Parmi les choses que ma grand-mère n'aurait pas appréciées, il y avait la pro­position que John nous avait faite sur la plage: prendre du crack. Ça, j'étais certaine que mes parents n'auraient pas aimé non plus. Ni ceux de Pierre. Ni moi d'ailleurs.

Du crack! Je ne savais pas si tout ce qu'on racontait sur cette nouvelle drogue était vrai, mais je n'avais pas follement envie de vérifier. J'avais regardé un repor­tage à la télévision à Montréal et j'étais en Floride depuis à peine une journée que j'avais déjà vu deux flashes spéciaux à un réseau américain.

C'était plutôt inquiétant, même en sup­posant que les journalistes exagèrent un peu. On prétendait qu'un «sujet» (genre adolescent) est dépendant du crack après quelques prises, et parfois même une seule! Autrement dit, le crack serait pire que l'hé­ roïne et la cocaïne. Et cent fois plus dange­reux que le haschich ou la marijuana! Mais beaucoup moins cher!

L'offre de John ne m'emballait pas du tout. J'ai regardé Pierre qui se concentrait un peu trop sur son saxophone, comme s'il voulait éviter de lui répondre.
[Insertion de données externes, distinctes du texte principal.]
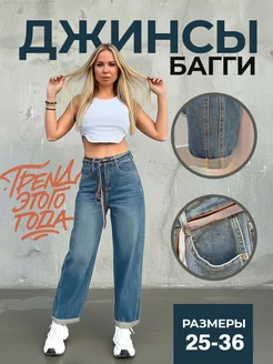 Джинсы широкие женские багги с лампасами
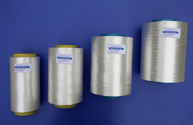 DOYENTRONTEX fiber is UHMWPE (Ultra High Molecular Weight Polyethylene) fiber developed by Beijing Tongyizhong New Material Technology Corporation. DOYENTRONTEX fiber has a unique combination of properties. The density is slightly less than 1 g/cm3, so the fiber floats on water. Meanwhile, the tenacity of the fiber is the highest in the world and can be up to 15 times that of a good quality steel. The modulus is very high and second only to that of special carbon fibers grades. Elongation at break is as low as for other high performance fibers, while the energy to break is very high due to high tenacity. Nowadays, DOYENTRONTEX fiber has been widely used in anti-cut gloves, fishig lines, marine ropes, etc.
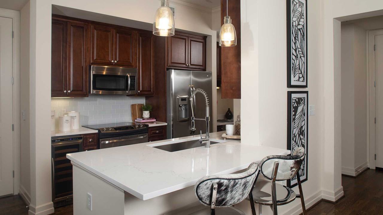 | The Chilton ALT | 1 bed | 1 bath | 1,086 sqft | The Chilton is a unique floor plan that offers a spacious, open living and dining room. The bedroom will easily accommodate a king-size bedroom set and has a generous sized walk-in closet. The bathroom has an ideal set up for guests with a door that divides the area so it can also serve as a powder room. | ||
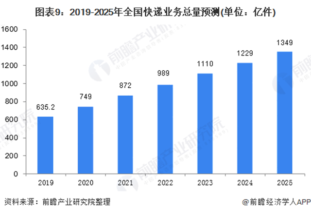 根據(jù)近幾年中國快遞業(yè)務(wù)量增速測算,到2025年,中國快遞業(yè)務(wù)量將達(dá)到1349億件,年復(fù)合增長率為13.4%。
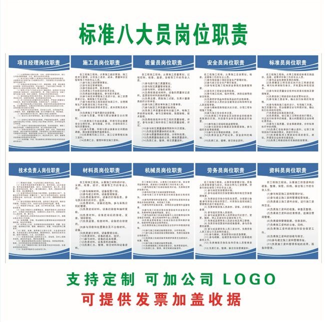 建筑工地施工制度牌 八大员岗位职责 五牌一图安全警示kt板广告牌热门设计联盟服务商

Il appuyait sur une touche, puis sur une autre, portait le bec à ses lèvres, posait l'instrument, le reprenait.

— Alors? a demandé Tonio. Ça vous tente?

Est-ce qu'il attendait notre bénédiction pour essayer?

J'ai haussé les épaules:

— Chacun fait ce qu'il veut. Moi, ça ne me dit rien. J'aime mieux ramasser des co­quillages.
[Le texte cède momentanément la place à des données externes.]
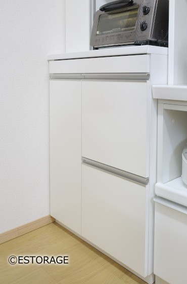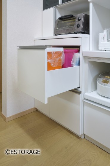ゴミ箱を引き出しの中に隠す事で見た目をスッキリとさせました。
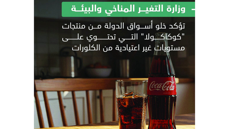 أكدت وزارة التغير المناخي والبيئة خلوّ أسواق الدولة من منتجات «كوكاكولا» التي تحتوي على مستويات غير اعتيادية من الكلورات.
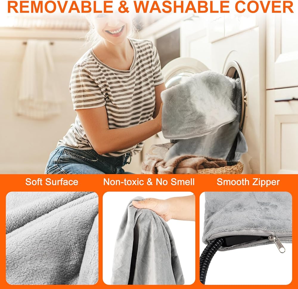 【Removable and Washable Cover】- Designed for easy maintenance, our heating pad comes with a removable and washable cover, allowing you to keep it fresh and clean with minimal effort. Simply detach the cover and toss it in the washing machine whenever needed, so your pet always has a cozy and hygienic space to relax.
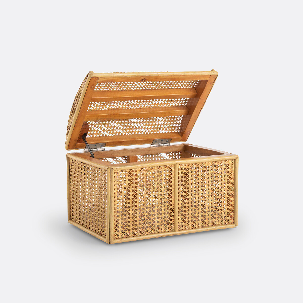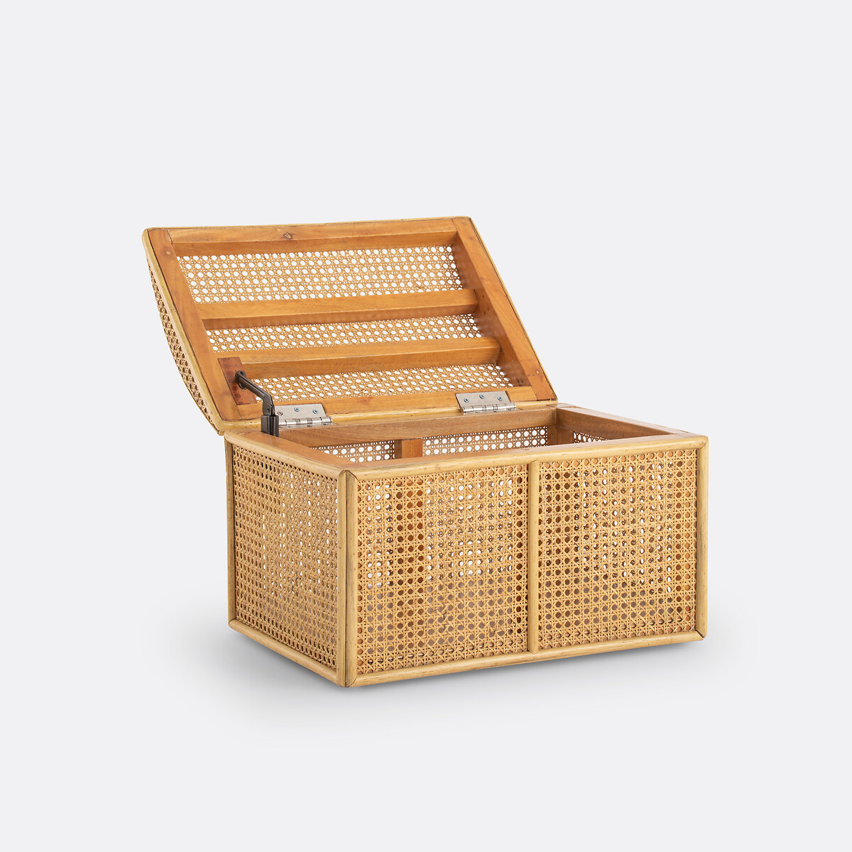 • Сундук из красного дерева, покрытый натуральным плетеным материалом • 1 тормозящая распорка для крышки

John a répété «coquillages, coquillages», puis il a regardé Maia et Tonio et dit cette fois:

— Shells?

Et il a éclaté de rire.

— Qu'y a-t-il de si drôle? ai-je deman­dé, mécontente.
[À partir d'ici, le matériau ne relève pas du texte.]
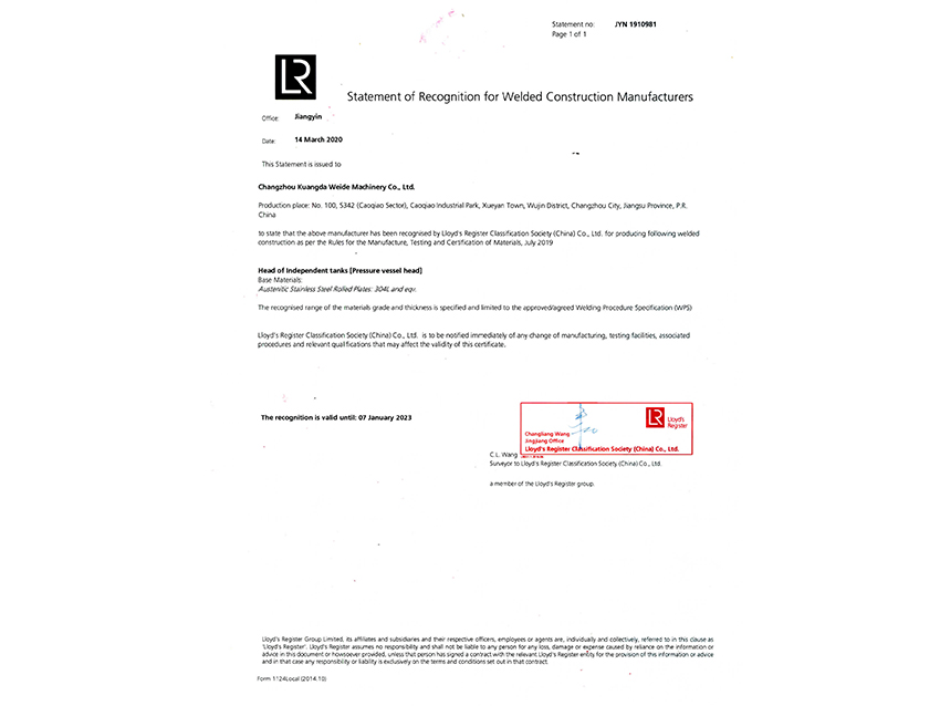 化工裝備甲級(jí)證書2024-2028 |

— Rien, a dit Octave d'un air embarrassé.

— Ifs not expensive! a repris John. For thefirst time, ifsfreeforyou.

— No, thanks...

Il s'est tourné vers Pierre et lui a fait la même offre. Pierre a haussé les épaules comme s'il hésitait. Je lui ai secoué le bras:

— Es-tu fou? Tu ne vas pas prendre du crack?

Maia s'était approchée de l'autre côté:

— Tu pourrais essayer... On pourrait es­sayer ensemble. O.K., Pierre?

J'ai explosé:

— Prends-en si tu veux, mais nous, on vous le laisse!

— Mais juste une fois! a plaidé Pierre. Une petite, minuscule, infinitésimale fois!

— Tu peux aussi te jeter du pont Jacques-Cartier juste une fois pour voir ce que ça fait!

— Je vais réfléchir, a dit lentement Pierre à ses copains. Ce soir, on était censés jouer! Où sont vos instruments?